Tuesday, September 20, 2022

Impermanence (Part 1)

In principle, everything that is on the cloud will stay there forever unless of course its data centre burns down OVHcloud data centre fire.

Hence paper-based storage may still be relevant to some extent, unless (again) if there is flooding or earthquake or fire (or human negligence) destroys these documents. Same case as the data centre. It could equally be damaged by natural disasters.

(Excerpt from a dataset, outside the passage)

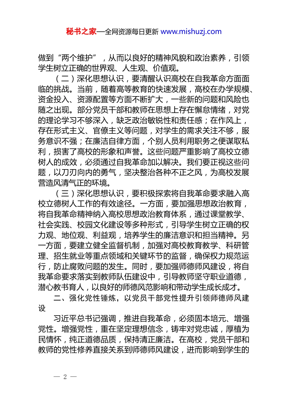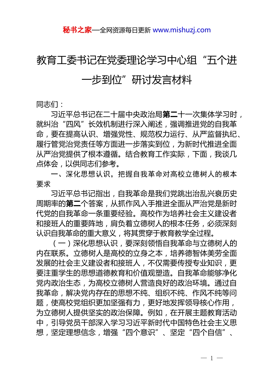 秘书之家—全网资源每日更新 www.mishuzj.com教育工委书记在党委理论学习中心组“五个进一步到位”研讨发言材料同志们:习近平总书记在二十届中央政治局第二十一次集体学习时,就纠治“四风”长效机制进行深入阐述,强调推进党的自我革命,要在提高认识、增强党性、规范权力运行、从严监督执纪、履行管党治党责任等方面进一步落实到位,为新时代推进全面从严治党提供了根本遵循。结合教育工作实际,下面,我谈几点体会,以供同志们参考。一、深化思想认识,把握自我革命对高校立德树人的根本要求习近平总书记指出,自我革命是我们党跳出治乱兴衰历史周期率的第二个答案,从抓作风入手推进全面从严治党是新时代党的自我革命一条重要经验。高校作为培养社会主义建设者和接班人的重要阵地,肩负着立德树人的根本任务,必须深刻认识自我革命的重大意义,将其贯穿于教育教学全过程。(一)深化思想认识,要深刻领悟自我革命与立德树人的内在联系。立德树人是高校的立身之本,培养德智体美劳全面发展的社会主义建设者和接班人,不仅需要传授专业知识,更要注重学生的思想道德教育和价值观塑造。自我革命能够净化党内政治生态,为高校立德树人营造良好的政治环境。通过自我革命,解决党内存在的思想不纯、组织不纯、作风不纯等问题,使高校党组织更加坚强有力,更好地发挥领导核心作用,为立德树人提供坚实的政治保障。例如,在开展主题教育活动中,引导党员干部深入学习习近平新时代中国特色社会主义思想,坚定理想信念,增强“四个意识”、坚定“四个自信”、— 1 —秘书之家—全网资源每日更新 www.mishuzj.com做到“两个维护”,从而以良好的精神风貌和政治素养,引领学生树立正确的世界观、人生观、价值观。(二)深化思想认识,要清醒认识高校在自我革命方面面临的挑战。当前,随着高等教育的快速发展,高校在办学规模、资金投入、资源配置等方面不断扩大,一些新的问题和风险也随之出现。部分党员干部和教师在思想上存在懈怠情绪,对党的理论学习不够深入,缺乏政治敏锐性和责任感;在作风上,存在形式主义、官僚主义等问题,对学生的需求关注不够,服务意识不强;在廉洁自律方面,个别人员利用职务之便谋取私利,损害了高校的形象和声誉。这些问题严重影响了高校立德树人的成效,必须通过自我革命加以解决。我们要正视这些问题,以刀刃向内的勇气,坚决整治各种不正之风,为高校发展营造风清气正的环境。(三)深化思想认识,要积极探索将自我革命要求融入高校立德树人工作的有效途径。一方面,要加强思想政治教育,将自我革命精神纳入高校思想政治教育体系,通过课堂教学、社会实践、校园文化建设等多种形式,引导学生树立正确的权力观、地位观、利益观,培养学生的廉洁意识和担当精神。另一方面,要建立健全监督机制,加强对高校教育教学、科研管理、招生就业等重点领域和关键环节的监督,确保权力规范运行,防止腐败问题的发生。同时,要加强师德师风建设,将自我革命要求落实到教师队伍建设中,引导教师坚守职业道德,潜心教书育人,以良好的师德风范影响和带动学生成长成才。二、强化党性锤炼,以党员干部党性提升引领师德师风建设习近平总书记强调,推进自我革命,必须固本培元、增强党性。增强党性,重在坚定理想信念,铸牢对党忠诚,厚植为民情怀,纯正道德品质,保持清正廉洁。在高校,党员干部和教师的党性修养直接关系到师德师风建设,进而影响到学生的— 2 —秘书之家—全网资源每日更新 www.mishuzj.com成长和发展。(一)强化党性锤炼,要加强理论武装,坚定理想信念。高校要把学习贯彻习近平新时代中国特色社会主义思想作为首要政治任务,通过理论学习中心组学习、“三会一课”、主题党日等活动,引导党员干部和教师深入学习党的创新理论,深刻领悟“两个确立”的决定性意义,增强“四个意识”、坚定“四个自信”、做到“两个维护”。例如,定期举办专题讲座、读书班、研讨会等,邀请专家学者进行深入解读,组织党员干部和教师交流学习心得,不断提高政治理论水平。同时,要注重学以致用,将理论学习与教育教学实践相结合,引导党员干部和教师在工作中践行...

I watched a movie called The Book of Eli once, about a man (Eli, played by actor Densel Washington) who had memorised the Bible. When the Bible was completely destroyed he was able to recite it from memory, for another man to re-write the content. Muslims have this practice too, there are many "hafiz" around the world, who holds the Quran's words in their hearts and minds.

What is my point? 
- Nothing is permanent. Cloud storage may theoretically last a longer time than human memory, but is threatened when natural (or unnatural) disasters occur.
- Humans can be reliable when we have to be. We transferred much data to the cloud because our brains and documents cannot hold massive volumes of everything, but if we work together we could piece together knowledge

Incidentally data centres are less environmentally friendly compared to humans. They just get too hot and may combust, like the story presented in the news report. Sweden, for one, is taking the initiative of using heat from the data centres to heat homes Making use of data centre heat.

The only permanent entity is the Almighty Creator, and to Him we shall return.